The few glimpses of the girls allowed by the palace have shown them smiling as they hold hands with their mother and father or their grandmother, Queen Sofia.
"Leonor is a very intelligent child, very active but calm. She faces the cameras with great serenity," said Apezarena.
"She is very caring towards her sister. She makes sure to give her advice and help," he said.
"She does the same things as her classmates, eats in school, goes to ballet class, and studies English."
She is said to speak good English, learned from her grandmother and a British nanny as well as at Holy Mary of the Rose Bushes, her expensive private school in western Madrid.
Learning who you are
History is changing the childhood routines of Leonor de Borbon y Ortiz, however.
Just weeks before the king announced his abdication, Leonor made her first official royal outing.
In a white cardigan and green shorts, she stood beside her father in his blue air force uniform to watch a ceremonial fly-past on May 2nd.
Royal-watchers say the timing was not random.
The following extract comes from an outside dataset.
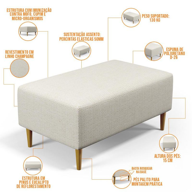 Pensando na praticidade do dia-dia, o Puff Decorativo Sala de Estar Cléo W01 Pés Palito 90 cm Linho Champagne - Lyam Decor se faz perfeito para a sua ambientação!! É extremamente confortável, ideal para quem procura por funcionalidade e beleza embutidos num único produto. Estruturado com espuma macia e de alta densidade e revestimento de excelente qualidade, além de seus belos pés palito que arrematam muito bem toda a composição deixando-o ainda mais elegante. Possuindo diferentes funções, pode ser posto em salas de estar, garantindo assentos extras, no quarto, como um apoio ou até mesmo recamier aos pés da cama, em closets, integrando ambientes, dentre outras maneiras. Com certeza vai harmonizar e embelezar ainda mais a decoração do seu lar, adquira já o seu! Dimensões do produto (L x A x P) 90 x 42 x 46 cm Altura dos pés: 15 cm Características: Estrutura em pinus e eucalipto de reflorestamento, com imunização contra mofo, cupim e micro-organismos. Revestimento Linho Champagne de alta qualidade. Espuma de poliuretano D-26. Pés Palito com montagem prática, necessita apenas rosquear na base. Peso suportado: Até 110 kg. Sustentação do assento com percintas elásticas de 50mm. - Por se tratar de estofado as medidas podem ter uma pequena variação de até 3 cm. - A tonalidade do produto real poderá ter ligeira variação devido o lote de tecidos. Observações importantes: - Produto para uso residencial em ambiente interno, não devendo ficar exposto diretamente ao sol, calor e umidade excessivos. - Pode haver alguma diferença de tonalidade entre a imagem e o produto real, por conta do tratamento de imagens e a calibração de cores do seu monitor. - As imagens são meramente ilustrativas, não acompanham objetos de decoração e eletrônicos. - Ao receber a mercadoria, o cliente deve verificar as condições da embalagem, caso haja alguma avaria não assine o comprovante de recebimento. - Montagem, desmontagem e outras instalações serão de responsabilidade do cliente. Não nos responsabilizamos, no ato da entrega, por subir escadas/elevadores ou pelo transporte por guincho em apartamentos. Eventuais despesas são de responsabilidade do comprador. - Confira as dimensões do produto e certifique-se de que passará normalmente por supostos elevadores, portas, escadas e/ou corredores de sua residência.

Juan Carlos, 76, had already decided to step aside and the outing was the start of Leonor's new higher-profile role as future heir to the throne.
When Felipe is crowned, Letizia will become queen and Leonor will take the title Princess of Asturias.
She is expected to follow the same preparation for the crown as her father did, with military training when she is older. At 18, she must swear loyalty to the king and the constitution.
"They have been explaining to her for some time who she is, who her parents and grandparents are, and what their role is in the country," said Apezarena, who has written several books about the prince's family.
"She has been listening to that, but she is still very young."
Pretty face, saving face
Behind the walls of the royal Zarzuela Palace and Holy Mary of the Rose Bushes, Leonor may hear little of the noisy street protests by those who want Spain to be a republic.
Spain's main political forces, the ruling Popular Party and opposition Socialists, back Felipe's succession however and are expected to speed it through parliament, with the new king likely to be sworn in on June 19th.
Felipe will then have to win over Spaniards fed up at corruption scandals and two recessions.
For that, the new heiress could be one of his biggest assets.
"Whenever the infantas Leonor and Sofia appear in public, they win the affection of the people. They are very pretty girls and seem very well brought up," Apezarena said.
"We are going to be seeing a lot more of those images from now on, and they are going to help the new king to win over the people."